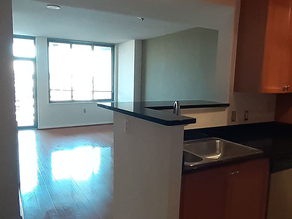 Spacious 1 BR, 1BA unit on 10th floor with unobstructed views. Gourmet kitchen with SS appliances, granite counters and breakfast bar. Gas fireplace and access to private balcony in living room. Large primary bedroom with walk in closet and washer/dryer. Full bathroom can be accessed from hallway or bedroom. Building offers great amenities including 24/7 Concierge, exercise room, roof top pool, business center, movie theater, party room and library. Located close to shops, restaurants, metro and much more! No pets, no smoking. Minimum one year lease with option for renewal or longer initial term. One month's rent as security deposit. $45 application fee per applicant. One parking space included. Water, sewer, and trash included in rent. Tenant responsible for gas, electric, and cable/internet/phone. Amenities include roof top pool, exercise room, and business center.
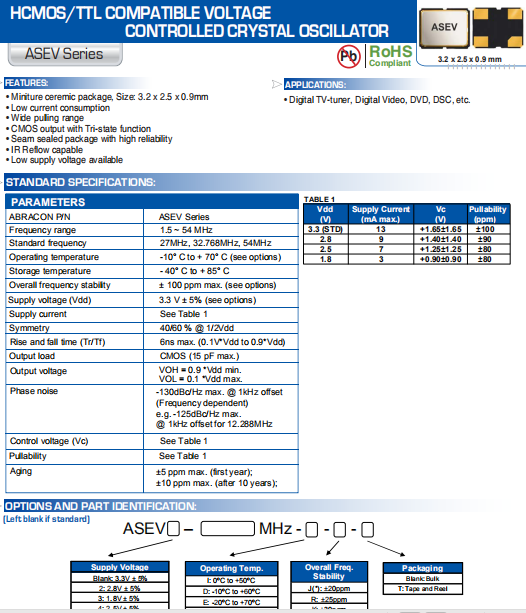ABRACON晶振,ASEV晶振,壓控晶體振蕩器.高精度超小型的表面貼片型石英晶體振蕩器,最適用于移動通信終端的基準時鐘等移動通信領域.比如智能手機,無線通信,衛星導航,平臺基站等較高端的數碼產品,晶振本身小型,薄型具備各類移動通信的基準時鐘源用頻率,貼片晶振具有優良的電氣特性,耐環境性能適用于移動通信領域,滿足無鉛焊接的高溫回流溫度曲線要求.
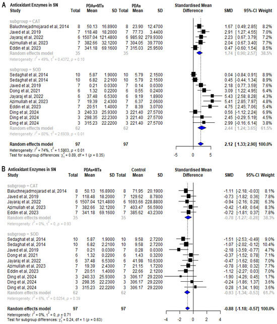 Determination of antioxidant enzymes’ activity or concentration in biological samples is another useful parameter to measure the oxidative state of the brain. CAT and SOD are the two main antioxidant enzymes reported in the literature. Meta-analysis of results shows that PDAs have reduced the activity and/or content of the antioxidant enzymes in the SN (CAT: SMD = −2.68 [95% CI: −3.82 to −1.54] p < 0.01 I2 = 59%; SOD: SMD = −3.64 [95% CI: −5.05 to −2.23] p < 0.01 I2 = 70%) (Figure S5). On the other hand, PDAs + MTs achieve higher antioxidant enzyme content and/or activity than PDAs according to the meta-analysis results (CAT: SMD = 1.74 [95% CI: 0.90 to 2.57] p < 0.01 I2 = 49%; SOD: SMD = 2.44 [95% CI: 1.24 to 3.65] p < 0.01 I2 = 80%) (Figure 8A). Compared to control animals, however, concentration/activity of these enzymes remained significantly lower at the time of measurement (CAT: SMD = −0.78 [95% CI: −1.27 to −0.28] p < 0.01 I2 = 0%; SOD: SMD = −0.93 [95% CI: −1.34 to −0.53] p < 0.01 I2 = 6%) (Figure 8B).
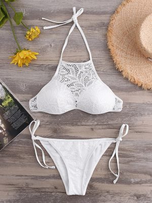 Be the first to review “White Lace Self-tie Design Halter Sleeveless Bikini Set”
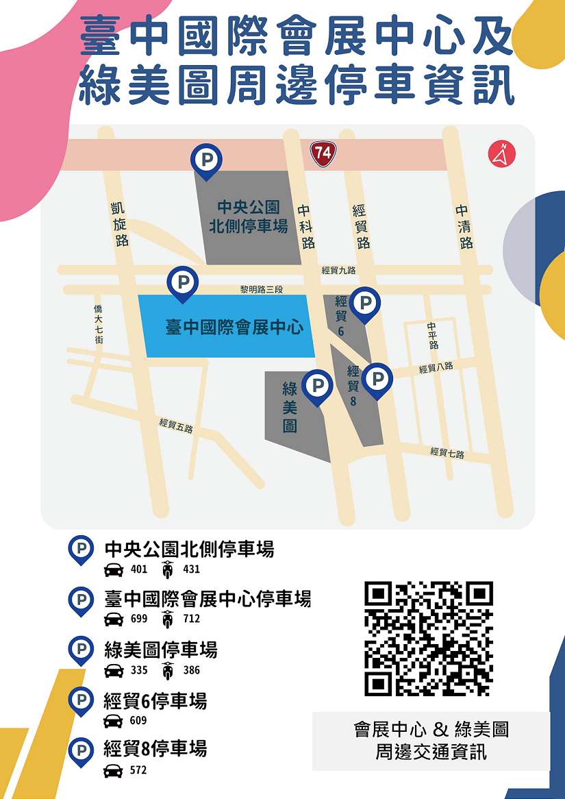 交通局補充,如果民眾自行開車前往,除停放台中綠美圖地下停車場,周邊停車場計有中央公園北側地下停車場、台中國際會展中心地下停車場、經貿6、經貿8等停車場,綠美圖試營運期間,共計有2,600席汽車停車位供使用。
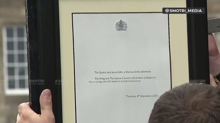 "Сегодня днем королева мирно скончалась в Балморале. Король и королева-консорт останутся в Балморале сегодня вечером и вернутся в Лондон завтра. Четверг, 8 сентября 2022 г.", - гласит запись.
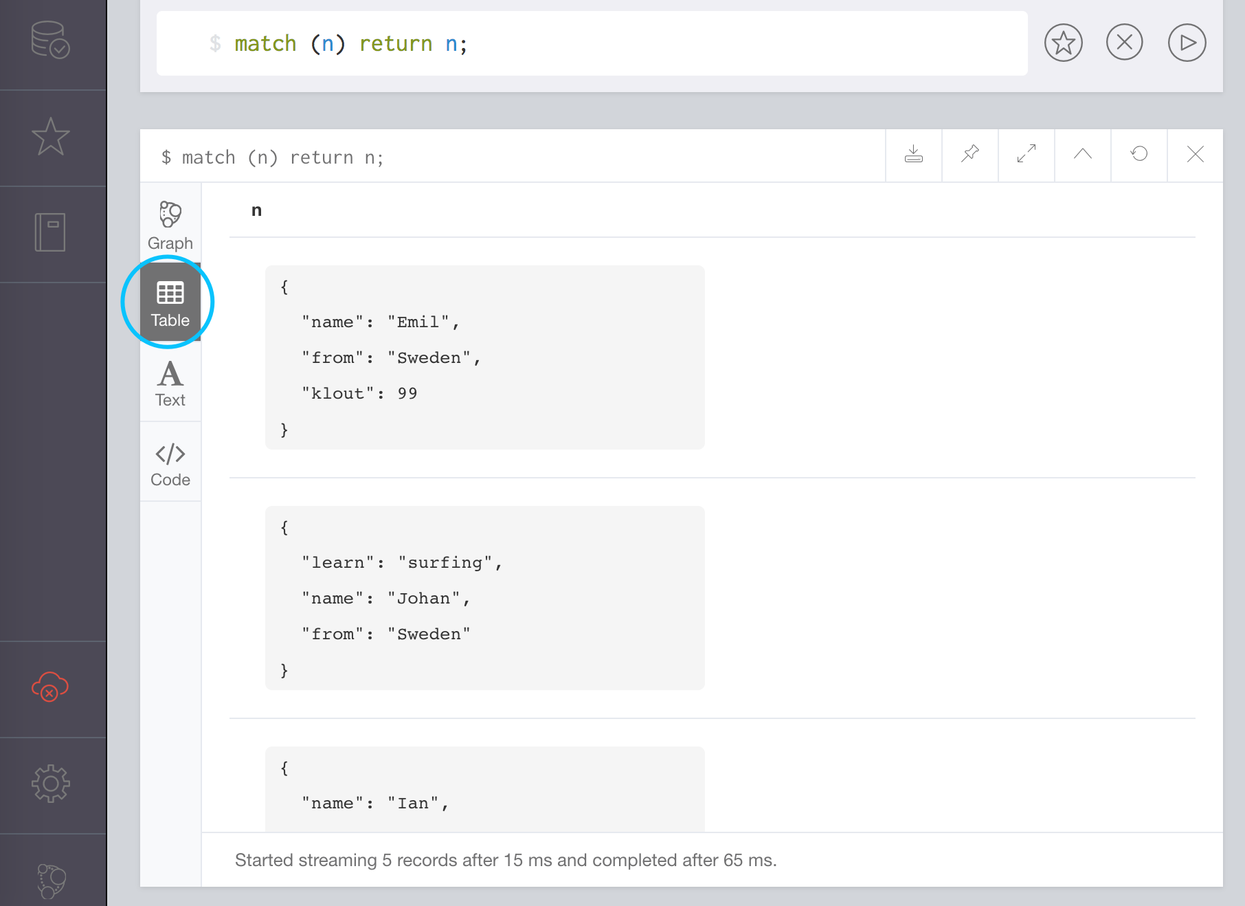 你能够以不同的方式查看数据。例如,点击 「Table」将会以表格的方式显示节点和关系。
----
Task requirements: Leaving the pictures aside, copy exactly and only the lines from the one holding "ABRACON晶振,ASEV" through the final line of the data, both ends kept.

Response to the task:
ABRACON晶振,ASEV晶振,壓控晶體振蕩器.高精度超小型的表面貼片型石英晶體振蕩器,最適用于移動通信終端的基準時鐘等移動通信領域.比如智能手機,無線通信,衛星導航,平臺基站等較高端的數碼產品,晶振本身小型,薄型具備各類移動通信的基準時鐘源用頻率,貼片晶振具有優良的電氣特性,耐環境性能適用于移動通信領域,滿足無鉛焊接的高溫回流溫度曲線要求.
 Determination of antioxidant enzymes’ activity or concentration in biological samples is another useful parameter to measure the oxidative state of the brain. CAT and SOD are the two main antioxidant enzymes reported in the literature. Meta-analysis of results shows that PDAs have reduced the activity and/or content of the antioxidant enzymes in the SN (CAT: SMD = −2.68 [95% CI: −3.82 to −1.54] p < 0.01 I2 = 59%; SOD: SMD = −3.64 [95% CI: −5.05 to −2.23] p < 0.01 I2 = 70%) (Figure S5). On the other hand, PDAs + MTs achieve higher antioxidant enzyme content and/or activity than PDAs according to the meta-analysis results (CAT: SMD = 1.74 [95% CI: 0.90 to 2.57] p < 0.01 I2 = 49%; SOD: SMD = 2.44 [95% CI: 1.24 to 3.65] p < 0.01 I2 = 80%) (Figure 8A). Compared to control animals, however, concentration/activity of these enzymes remained significantly lower at the time of measurement (CAT: SMD = −0.78 [95% CI: −1.27 to −0.28] p < 0.01 I2 = 0%; SOD: SMD = −0.93 [95% CI: −1.34 to −0.53] p < 0.01 I2 = 6%) (Figure 8B).
 Be the first to review “White Lace Self-tie Design Halter Sleeveless Bikini Set”
 交通局補充,如果民眾自行開車前往,除停放台中綠美圖地下停車場,周邊停車場計有中央公園北側地下停車場、台中國際會展中心地下停車場、經貿6、經貿8等停車場,綠美圖試營運期間,共計有2,600席汽車停車位供使用。
 "Сегодня днем королева мирно скончалась в Балморале. Король и королева-консорт останутся в Балморале сегодня вечером и вернутся в Лондон завтра. Четверг, 8 сентября 2022 г.", - гласит запись.
 你能够以不同的方式查看数据。例如,点击 「Table」将会以表格的方式显示节点和关系。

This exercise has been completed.